> Task goal:
Take the entries below and reproduce exactly the portion that begins at the line containing "inner join(join): 连接两个表时,取的是两个表中都存在的数据。(取交集)" and ends at the line containing "隨后,張志略主任來到學校食堂", keeping both ends, dropping pictures, and adding nothing else.

> The data:
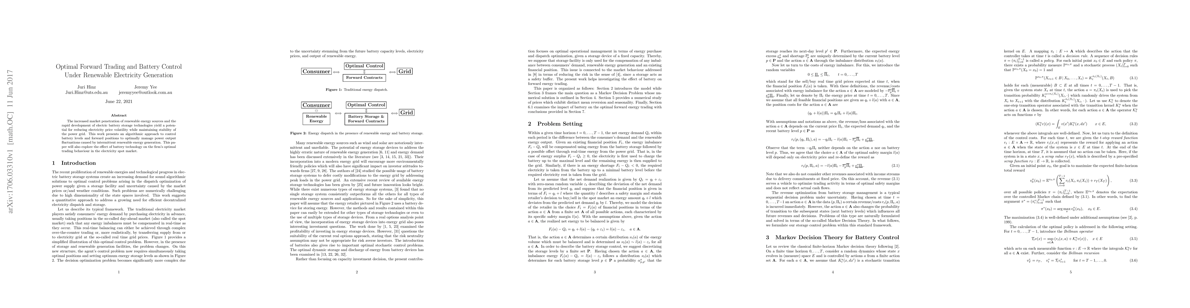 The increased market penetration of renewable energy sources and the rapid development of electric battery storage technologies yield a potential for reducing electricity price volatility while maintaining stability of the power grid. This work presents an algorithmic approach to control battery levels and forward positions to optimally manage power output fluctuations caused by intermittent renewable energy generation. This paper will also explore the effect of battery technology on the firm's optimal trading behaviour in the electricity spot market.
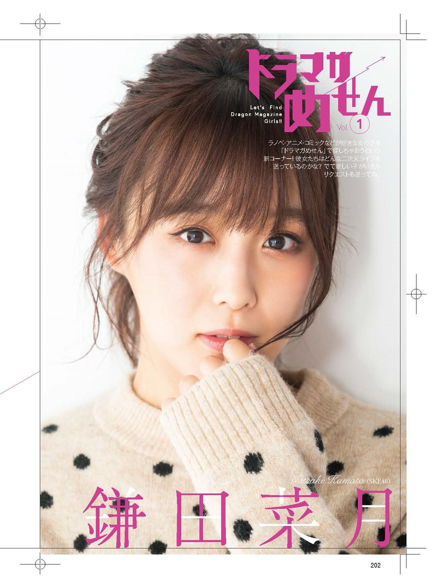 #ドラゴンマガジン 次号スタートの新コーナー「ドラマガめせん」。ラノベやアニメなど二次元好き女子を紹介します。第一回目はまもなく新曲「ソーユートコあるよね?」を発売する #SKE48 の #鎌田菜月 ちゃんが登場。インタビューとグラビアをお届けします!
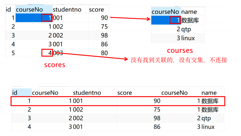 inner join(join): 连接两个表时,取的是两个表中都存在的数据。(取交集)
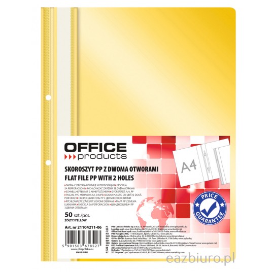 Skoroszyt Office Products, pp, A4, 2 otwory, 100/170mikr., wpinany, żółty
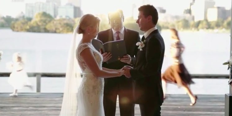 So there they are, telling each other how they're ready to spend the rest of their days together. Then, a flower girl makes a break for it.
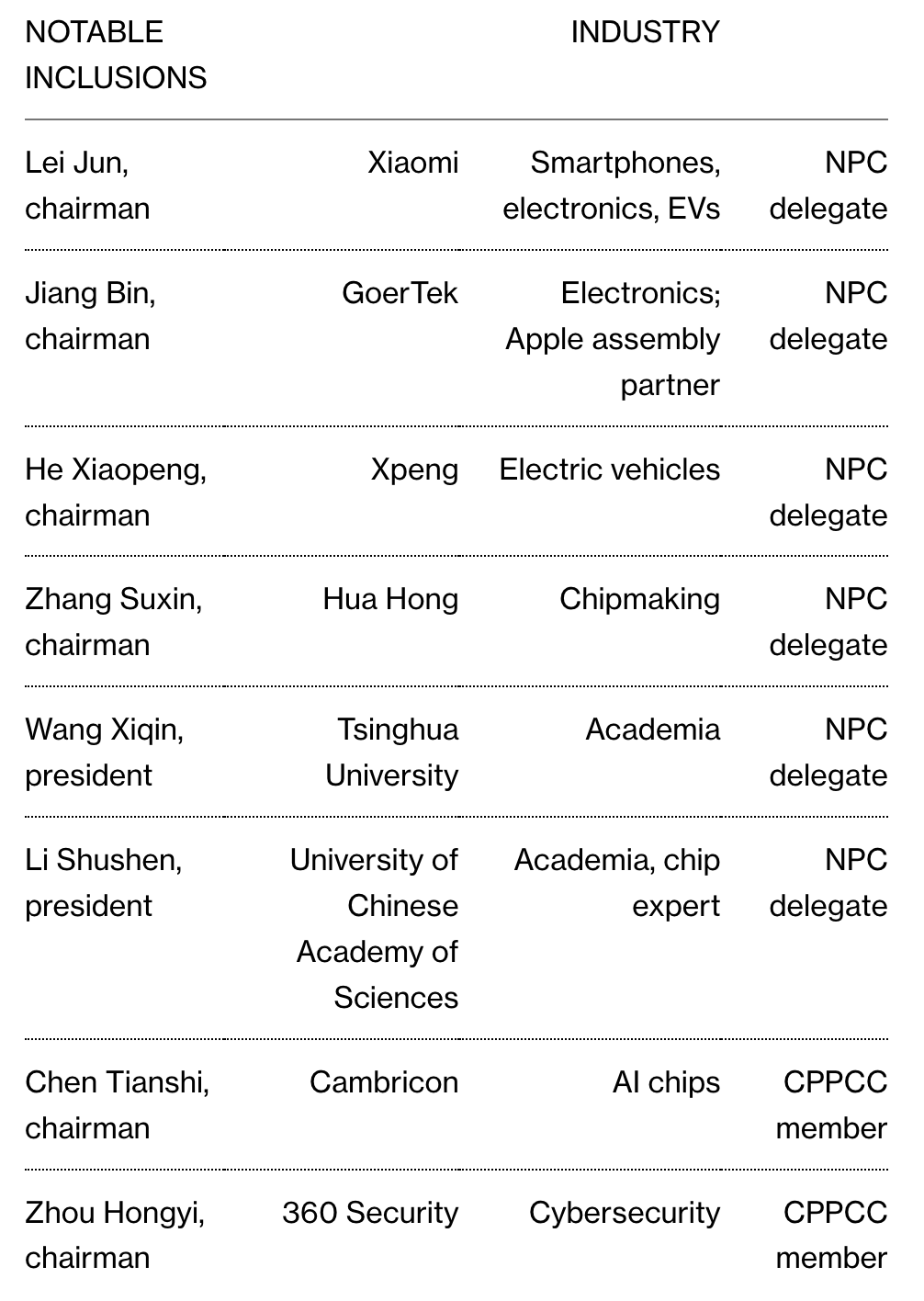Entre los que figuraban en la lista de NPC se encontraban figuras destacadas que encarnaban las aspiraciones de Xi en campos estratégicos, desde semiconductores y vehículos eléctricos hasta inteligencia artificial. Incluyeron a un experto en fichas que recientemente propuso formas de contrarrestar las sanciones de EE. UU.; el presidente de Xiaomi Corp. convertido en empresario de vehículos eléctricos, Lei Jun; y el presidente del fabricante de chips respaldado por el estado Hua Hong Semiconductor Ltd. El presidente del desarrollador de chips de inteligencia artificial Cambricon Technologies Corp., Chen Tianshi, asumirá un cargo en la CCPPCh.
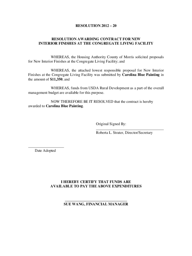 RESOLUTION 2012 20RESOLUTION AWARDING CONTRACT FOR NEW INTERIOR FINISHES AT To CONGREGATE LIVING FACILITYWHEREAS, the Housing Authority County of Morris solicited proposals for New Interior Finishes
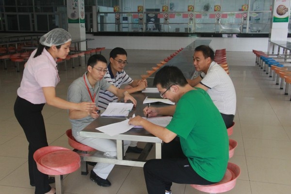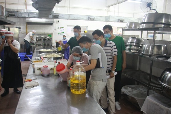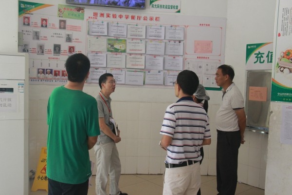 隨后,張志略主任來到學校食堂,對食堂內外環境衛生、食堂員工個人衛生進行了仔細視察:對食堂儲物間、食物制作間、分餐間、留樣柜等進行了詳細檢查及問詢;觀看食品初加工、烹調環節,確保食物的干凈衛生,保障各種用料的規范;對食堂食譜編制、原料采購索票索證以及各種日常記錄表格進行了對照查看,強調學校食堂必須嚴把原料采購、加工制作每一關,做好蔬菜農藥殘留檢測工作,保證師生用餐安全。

==

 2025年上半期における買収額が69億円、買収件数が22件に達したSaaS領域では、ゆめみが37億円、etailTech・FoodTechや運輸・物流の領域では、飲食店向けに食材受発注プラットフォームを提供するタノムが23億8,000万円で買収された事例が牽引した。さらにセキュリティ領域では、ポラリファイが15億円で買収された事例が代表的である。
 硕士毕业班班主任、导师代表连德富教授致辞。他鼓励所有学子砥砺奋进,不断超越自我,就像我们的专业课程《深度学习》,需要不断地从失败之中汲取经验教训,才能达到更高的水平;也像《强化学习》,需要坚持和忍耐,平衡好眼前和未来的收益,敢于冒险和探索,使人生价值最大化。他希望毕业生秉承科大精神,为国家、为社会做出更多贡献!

--

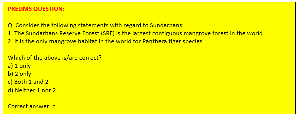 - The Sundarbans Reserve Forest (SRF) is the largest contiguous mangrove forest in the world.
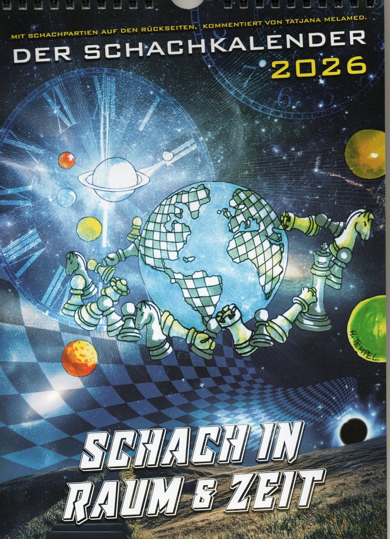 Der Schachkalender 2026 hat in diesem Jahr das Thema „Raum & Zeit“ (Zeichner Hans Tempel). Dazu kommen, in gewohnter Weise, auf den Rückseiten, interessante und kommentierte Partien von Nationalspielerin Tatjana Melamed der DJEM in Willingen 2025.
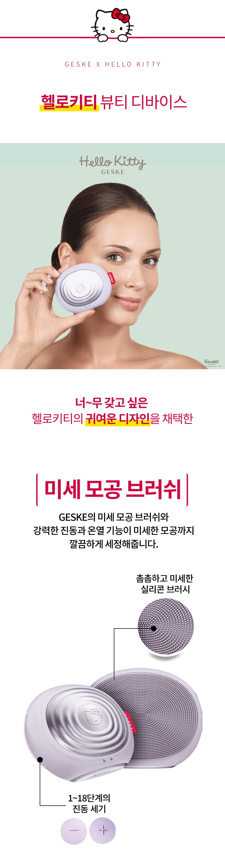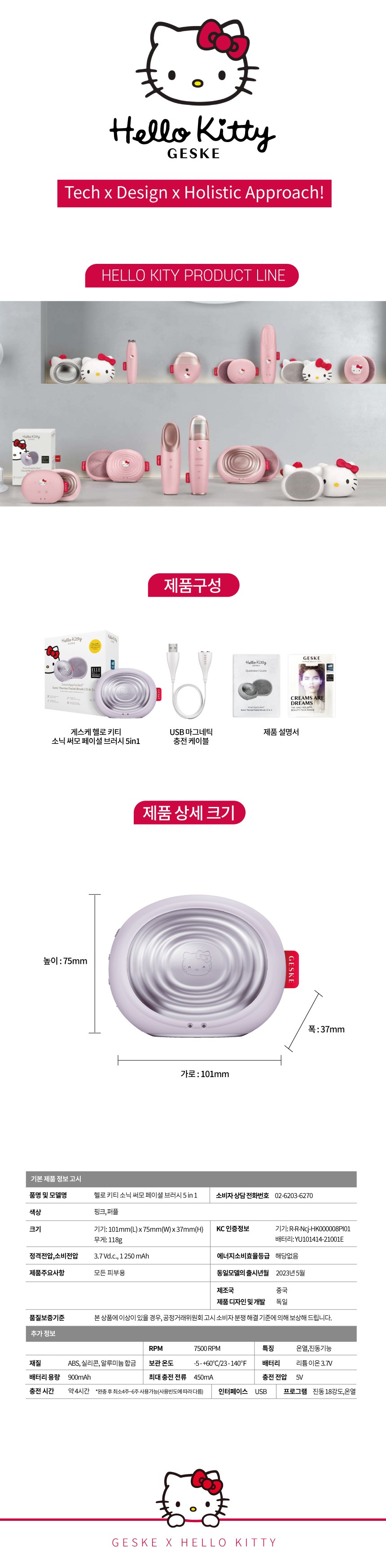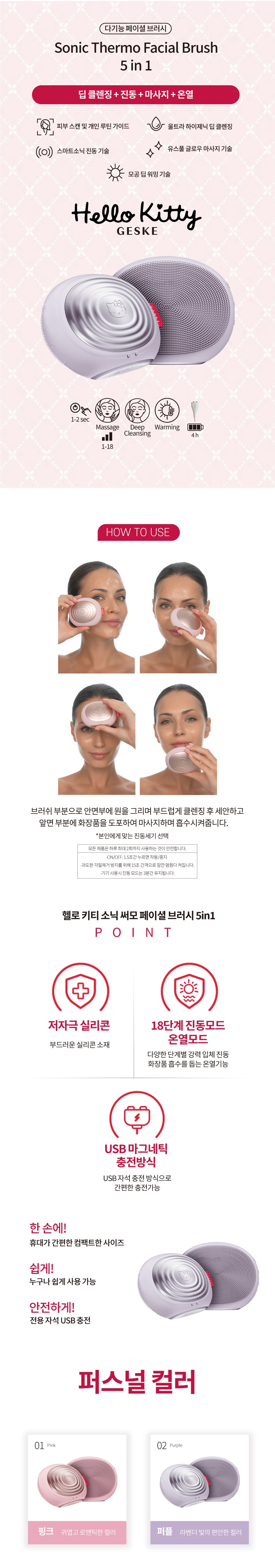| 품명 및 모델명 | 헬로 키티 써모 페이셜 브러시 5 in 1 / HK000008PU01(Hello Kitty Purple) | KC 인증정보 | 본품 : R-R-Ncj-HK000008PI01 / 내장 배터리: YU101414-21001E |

> Written solution:
 inner join(join): 连接两个表时,取的是两个表中都存在的数据。(取交集)
 Skoroszyt Office Products, pp, A4, 2 otwory, 100/170mikr., wpinany, żółty
 So there they are, telling each other how they're ready to spend the rest of their days together. Then, a flower girl makes a break for it.
Entre los que figuraban en la lista de NPC se encontraban figuras destacadas que encarnaban las aspiraciones de Xi en campos estratégicos, desde semiconductores y vehículos eléctricos hasta inteligencia artificial. Incluyeron a un experto en fichas que recientemente propuso formas de contrarrestar las sanciones de EE. UU.; el presidente de Xiaomi Corp. convertido en empresario de vehículos eléctricos, Lei Jun; y el presidente del fabricante de chips respaldado por el estado Hua Hong Semiconductor Ltd. El presidente del desarrollador de chips de inteligencia artificial Cambricon Technologies Corp., Chen Tianshi, asumirá un cargo en la CCPPCh.
 RESOLUTION 2012 20RESOLUTION AWARDING CONTRACT FOR NEW INTERIOR FINISHES AT To CONGREGATE LIVING FACILITYWHEREAS, the Housing Authority County of Morris solicited proposals for New Interior Finishes
 隨后,張志略主任來到學校食堂,對食堂內外環境衛生、食堂員工個人衛生進行了仔細視察:對食堂儲物間、食物制作間、分餐間、留樣柜等進行了詳細檢查及問詢;觀看食品初加工、烹調環節,確保食物的干凈衛生,保障各種用料的規范;對食堂食譜編制、原料采購索票索證以及各種日常記錄表格進行了對照查看,強調學校食堂必須嚴把原料采購、加工制作每一關,做好蔬菜農藥殘留檢測工作,保證師生用餐安全。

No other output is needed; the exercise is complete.